For the past month or so, I've been getting really worried about my budgie, Zephyr. He's always been a bit reserved and cautious compared with other budgies I've had in my life. He has had a pretty rough time in his life with other birds, which I think might have made him become a bit guarded? Because he's little and shy, he got picked on a lot by the other bird in the cage before I separated them. Since then, he's developed a nippy streak, and his first reaction to anything coming close to him is to lash out at it. 

He was hand-raised and knows how to step up. When we first got him, he was very affectionate and social with us. But since he was picked on by the other bird, if I bring my hand close to him to ask him to step up, about half the time he gives me a warning chirp or pecks at me. The rest of the time, he's fine with it.
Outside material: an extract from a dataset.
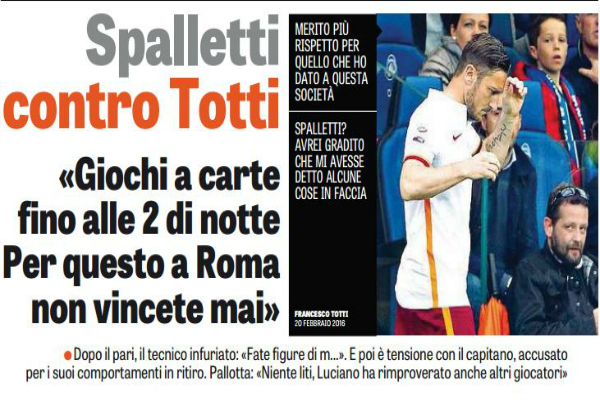 Gazzetta dello Sport: “Spalletti contro Totti: «Giochi a carte fino alle 2 di notte. Per questo a Roma non vincete mai»”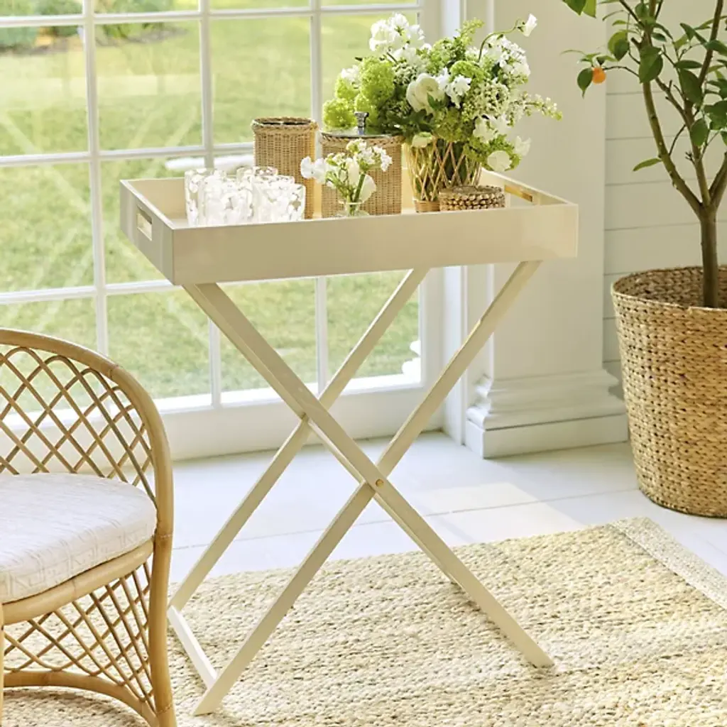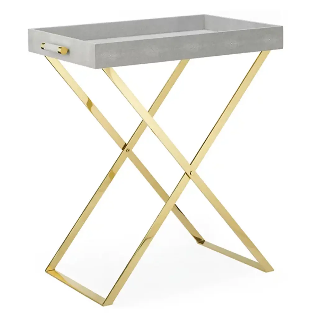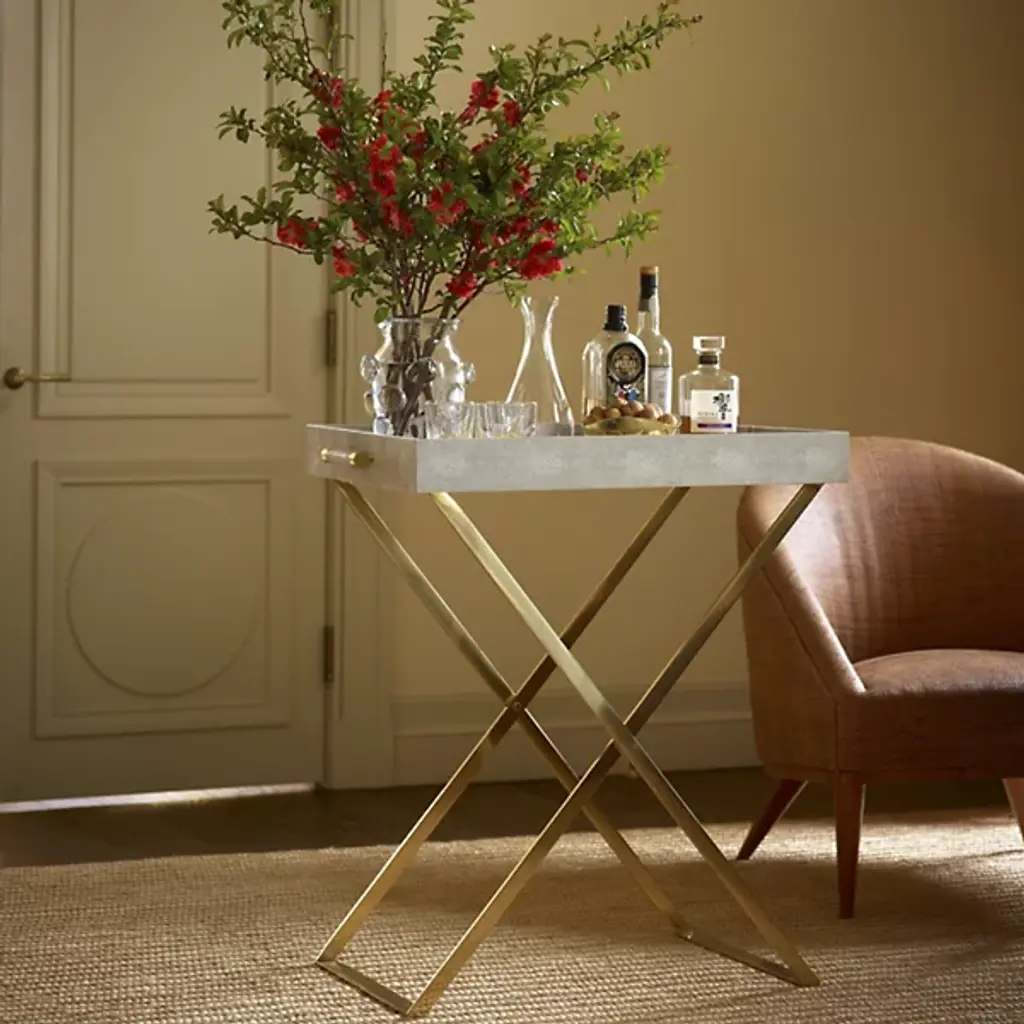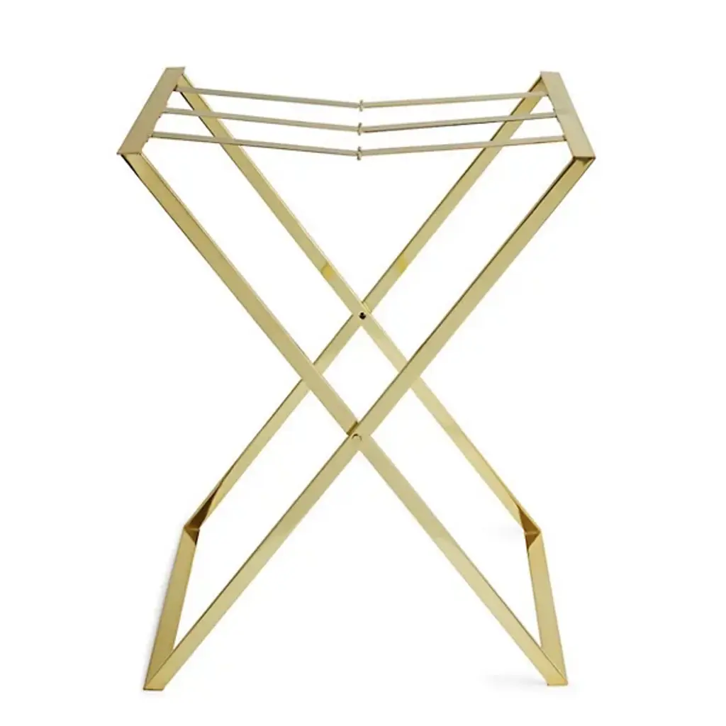 The Butler Tray Stand from AERIN becomes a flexible, fold-out base for the AERIN Butler Tray when placed beside a chair or bed. This X-shaped frame can easily be used near a table or within larger living spaces as a pop-up bar. Three cotton strips stretched across its bold brass structure lock it in place and balance the tray. The strong metal structure offers long-lasting service, while its folding form stows away in compact spaces until it is needed.

I'm very worried he's depressed, or too anxious to really enjoy himself anymore. He's been very quiet. The only noises he'll make are those "hey, are you there" calls, not any chattering and warbling. I almost never see him play with his toys, and I'm worried he may not have figured out how to seek out fun on his own. He used really love chewing/foraging with one particular toy, and there were a few days a while ago where he played with one of his bells for a short period of time. But lately he hasn't been doing any of this at all and it really concerns me. He's been preening a lot lately, and I don't know if it's because he's molting (which he is) or if it's out of anxiety and boredom. I'm assuming it's a mix.

On top of that, bringing him out of the cage with me has started to feel like I'm essentially asking him to sit on me quietly for hours, because he doesn't react when I offer him a bell or a chewing toy, even one of the ones from his cage. Or he'll be frightened of it and lash out. Which I don't blame him for, if he doesn't understand why this massive human is dangling a noisy shiny thing in front of his face. He'll seek me out for cuddles, and enjoys sitting on my shoulder while I'm washing dishes. But he'd rather observe me than interact with me, and he's developed a strong discomfort regarding my hands that he never used to have.

If he doesn't want to be a super hands-on bird, that's completely fine; I want him to be happy and comfortable. I guess I'm just worried for his mental well-being. He's the only bird in the house right now, and I'm sure he's lonely. But the other bird who used to live with him was really antagonistic towards him and wasn't even letting him eat. I'm cautious about getting him a friend because I'm scared the same thing will happen all over again. But if I can't be a fun friend for him because he feels nervous around me, I worry that he'll wind up living a very bored, lonely, frustrating life. 

I was wondering if anybody has any advice on how to approach this situation, especially ideas on how to make life more enjoyable for a nervous bird. If I were to look into finding him a more compatible companion, what should I watch for that might let me know if their personalities would be suited to each other? In the meantime, is there anything I can do to provide him a bit more stimulation than he seeks out on his own? How best can I help him regain consistent trust for my hands? 

Thank you so much for reading. I'm grateful for any advice you may have :001_smile:


----------



## Cody (Sep 5, 2013)

How long has it been since the other bird has been gone and how much time and attention does Zephyr get on a daily basis? It can take a long time for birds to recover from a stressful situation. You stated that he has had a rough time in his life with other birds, how long did that go on?


----------